The standard interpretation? People are systematically overconfident: more confident than they rationally should be. Overconfidence is blamed for many societal ills—from market failures to polarization to wars. Daniel Kahneman summed it up bluntly: “What would I eliminate if I had a magic wand? Overconfidence.”

But this is too quick. There are good reasons to think that when people answer questions under uncertainty, they form guesses that are sensitive to an accuracy-informativity tradeoff: they want their guess to be broad enough to be accurate, but narrow enough to be informative. When asked who’s going to win the Republican nomination, “Trump” is quite informative, but “Trump or DeSantis” is more likely to be accurate. Which you guess depends on how you trade off accuracy and informativity: if you just want to say something true, you’ll guess “Trump or Desantis”, while if you want to say some thing informative, you’ll guess “Trump”.

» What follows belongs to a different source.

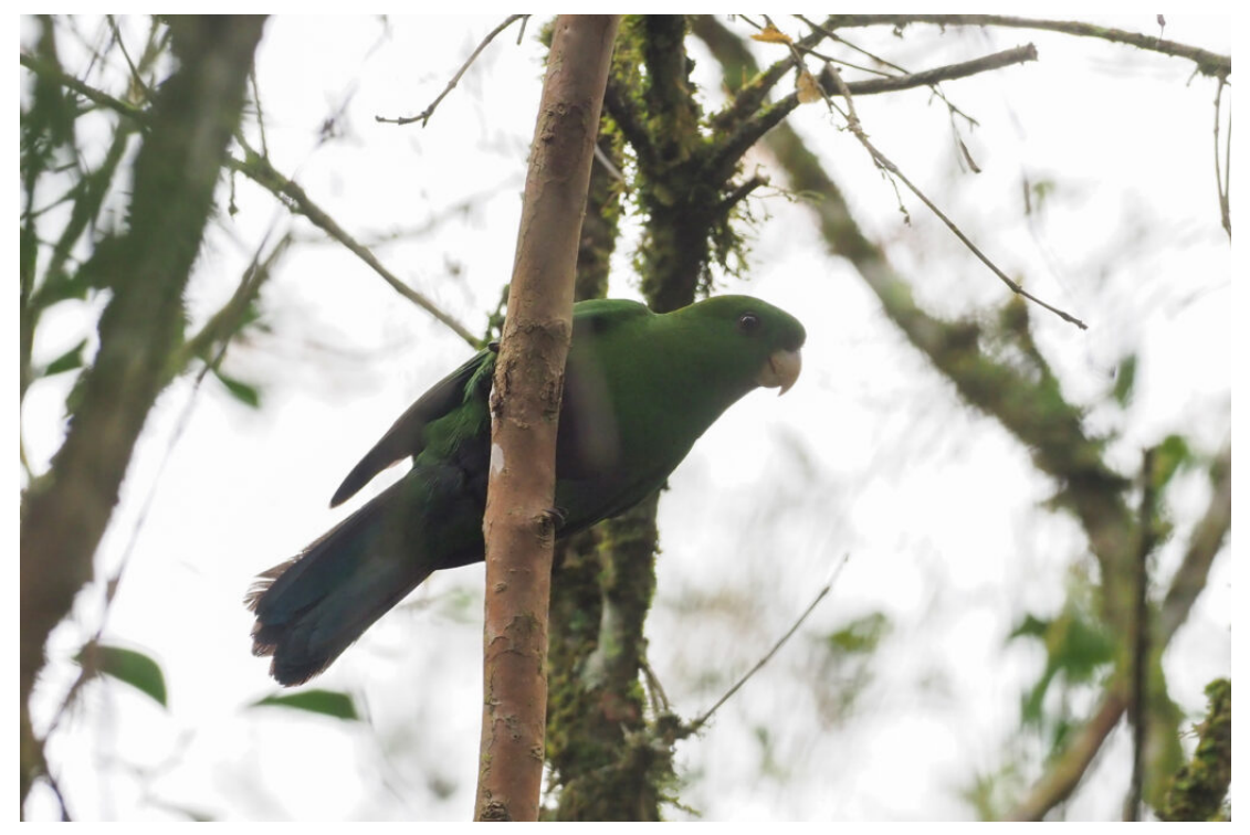
Blue-bellied Parrot

So accuracy and informativity compete. This competition is especially stark if you’re giving an interval estimate. A wide interval (“the population of the UK is between 1 million and 1 billion”) is certain to contain the correct answer, but isn’t very informative. A narrow interval (“between 60 and 80 million”) is much more informative, but much less likely to contain the correct answer.

We think this simple observation explains many of the puzzling empirical findings on overprecision.2

The Empirical Puzzle

The basic empirical finding is that people are overprecise, usually to a stark degree—standardly, their 90%-confidence intervals contain the true value only 40–60% of the time. They are also almost never under-precise.

In itself, that might simply signal irrationality or overconfidence. But digging into the details, the findings get much more puzzling:

1) Intervals are insensitive to confidence level

You can ask for intervals at various levels of confidence. A 90%-confidence interval is the narrowest interval that you’re 90%-confident contains the true value; a 50%-confidence interval is the narrowest band that you’re 50%-confident contains it, etc.

A standard finding is that people give intervals of very similar width regardless of whether they’re asked for 50%-, 90%-, or even 99%-confidence intervals. For example, this study found that the widths of 99%-confidence intervals were statistically indistinguishable from those of 75%-confidence intervals.

This is puzzling. If people are giving genuine confidence intervals, this implies an extremely implausible shape to their probability distributions—for instance, like so:

2) People are less than 90%-confident in their own 90%-confidence intervals

In a clever design, this study asked people for ten different 90%-confidence intervals, and then asked them to estimate the proportion of their own 90%-confidence intervals that were correct. If they were giving genuine confidence-intervals, they should’ve answered “9 of 10”.

Instead, the average answer was 6 of 10. That indicates that people don’t understand the question (“What’s your 90%-confidence interval?”), and in fact are closer to 60% confident in the intervals that they give in response to it.

3) People are more overprecise when they give intervals than estimates

The elicitation method we’ve used so far is the interval method: asking people to name the interval they’re (say) 90%-confident contains the true value.

But another way to elicit a confidence interval is the two-point method: first ask people for the number B that they’re exactly 95%-confident is below the true value, and then for the number A that they’re exactly 95%-confident is above the true value. The interval [B,A] is then their 90%-confidence interval.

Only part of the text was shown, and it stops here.